Help	/gemini help	Displays a list of available commands.

Customization

To customize Gemini Code Assist for GitHub experience, repository maintainers can create a configuration file and/or provide a custom code review style guide (such as PEP-8 for Python) by creating and adding files to a .gemini/ folder in the base of the repository. Detailed instructions can be found here.

Limitations & Feedback

Gemini Code Assist may make mistakes. Please leave feedback on any instances where its feedback is incorrect or counter productive. You can react with 👍 and 👎 on @gemini-code-assist comments. If you're interested in giving your feedback about your experience with Gemini Code Assist for Github and other Google products, sign up here.
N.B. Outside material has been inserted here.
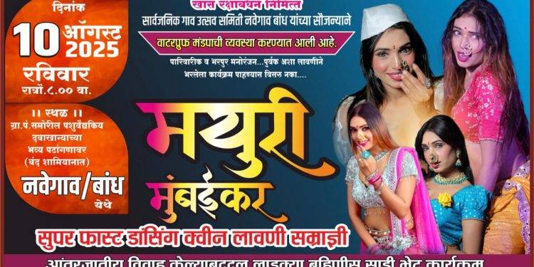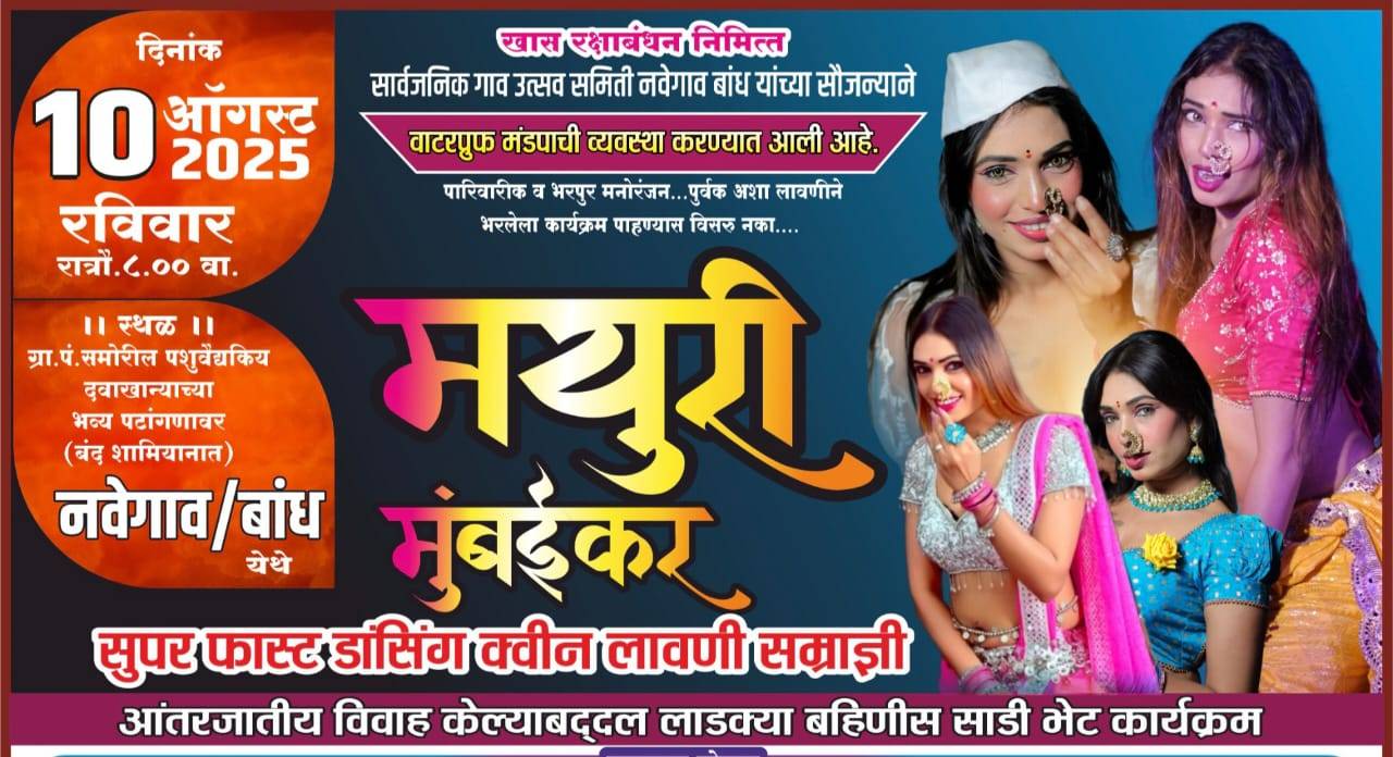 १० ऑगस्ट रोज रविवारला रक्षाबंधनाच्या सणाचे औचित्य साधून रात्री ८.०० वाजता येथील ग्रामपंचायत समोरील पशुवैद्यकीय दवाखान्याच्या भव्य पटांगणावर लाडक्या बहिणींसाठी, त्यांच्या मनोरंजनासाठी सुपरफास्ट डान्सिंग क्वीन,लावणी सम्राज्ञी मयुरी मुंबईकर यांच्या ग्रुपचा पारिवारिक व मराठमोळ्या लावण्यांचा बहारदार कार्यक्रम आयोजित करण्यात आला आहे.

You can also get AI-powered code generation, chat, as well as code reviews directly in the IDE at no cost with the Gemini Code Assist IDE Extension.

Footnotes

1. Review the Privacy Notices, Generative AI Prohibited Use Policy, Terms of Service, and learn how to configure Gemini Code Assist in GitHub here. Gemini can make mistakes, so double check it and use code with caution. ↩

[gemini-code-assist]

Code Review

This is a comprehensive and well-structured design document for integrating Firewood with Flame. The proposed architecture for session storage and remote execution is clear. I've identified a couple of areas for improvement: a potential design flaw in the state management for stateful remote agents, and a security consideration regarding environment variable access. Addressing these points will help solidify the design.

[gemini-code-assist]

The implementation of the chat method appears to have a logic issue concerning state management for stateful conversations. The usage example indicates that the client sends the entire message history with each call. However, this implementation only processes the content of the last message (msg_objects[-1].content).

Furthermore, the AgentManager instance (self._agent) is initialized without a Session object in _ensure_agent, which means it operates statelessly on each invocation. This contradicts the goal of a stateful agent that should maintain conversation memory.

To ensure stateful conversations work as intended, please clarify and adjust the design. One approach would be for the RemoteAgent to reconstruct the conversation state from the messages list on each call. Another would be to make the RemoteAgent truly stateful by creating and holding a Session object, which would require changing the chat method's signature to only accept the new message.

[gemini-code-assist]

The get_env function, which provides access to the executor's environment variables, could introduce a security risk. The executor's environment might contain sensitive data, such as API keys or other credentials. To mitigate potential information leakage, consider restricting this function's access to an allowlist of safe environment variables.